Maud, Countess of Huntingdon ( 1074 – 1130/1131), or Matilda, was Queen of Scotland as the wife of King David I. She was the great-niece of William the Conqueror and the granddaughter of Earl Siward.

Biography 
Maud was the daughter of Waltheof, the Anglo-Saxon Earl of Huntingdon and Northampton, and his French wife Judith of Lens. Her father was the last of the major Anglo-Saxon earls to remain powerful after the Norman conquest of England in 1066, and the son of Siward, Earl of Northumbria. Her mother was the niece of William the Conqueror, which makes Maud his grand-niece. Through her ancestors the Counts of Boulogne, she was also a descendant of Alfred the Great and Charles the Bald and a cousin of Godfrey of Bouillon.

She was married to Simon de Senlis (or St Liz) in about 1090. Earlier, William had tried to get Maud's mother, Judith, to marry Simon. He received the honour of Huntingdon (whose lands stretched across much of eastern England) probably in right of his wife from William Rufus before the end of the year 1090.

She had three known children by him:
 Matilda of St Liz (Maud) (d. 1140); she married Robert Fitz Richard of Tonbridge; she married secondly Saer De Quincy.
 Simon of St Liz (d. 1153)
 Saint Waltheof of Melrose ( 1100–1159/1160)

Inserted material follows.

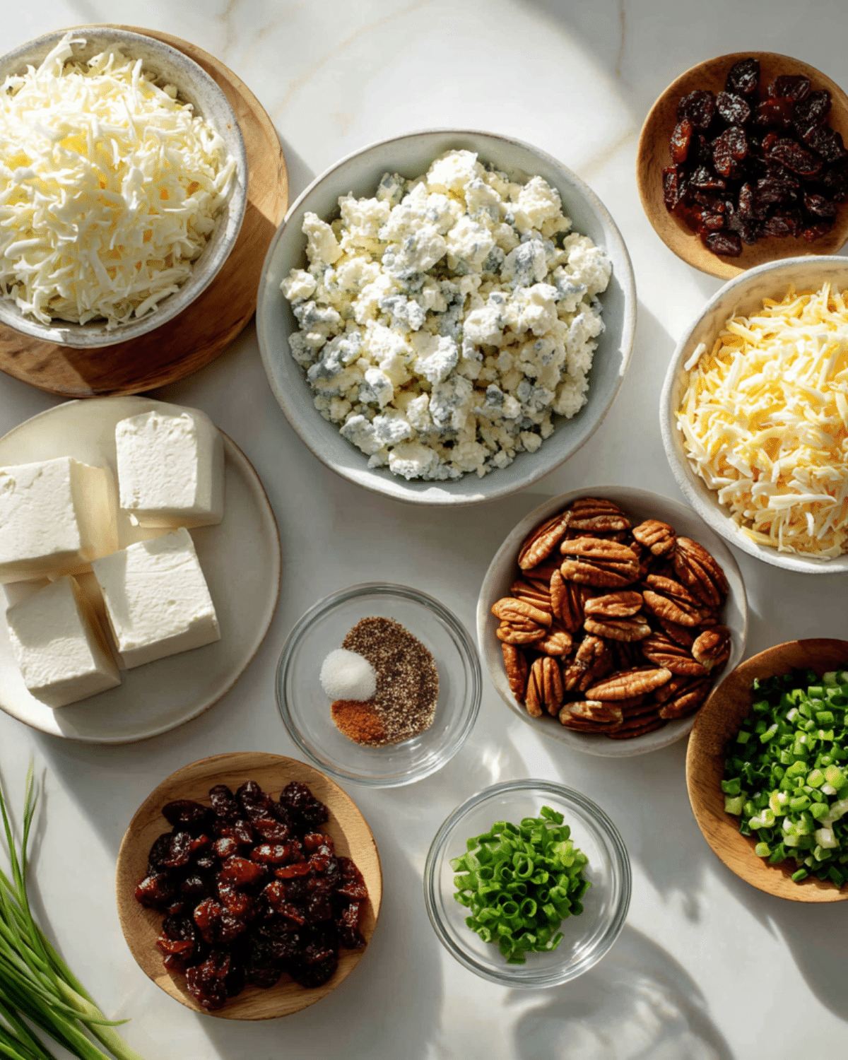 - In a separate bowl, mix the remaining cranberries, pecans, and chopped chives.

Her first husband died some time after 1111 and Maud next married David, the brother-in-law of Henry I of England, in 1113. Through the marriage, David gained control over his wife's vast estates in England, in addition to his own lands in Cumbria and Strathclyde. They had four children (two sons and two daughters):
 Malcolm (born in 1113 or later, died young)
 Henry ( 1114–1152)
 Claricia (died unmarried)
 Hodierna (died young and unmarried)

In 1124, David became King of Scots. Maud's two sons by different fathers, Simon and Henry, would later vie for the Earldom of Huntingdon.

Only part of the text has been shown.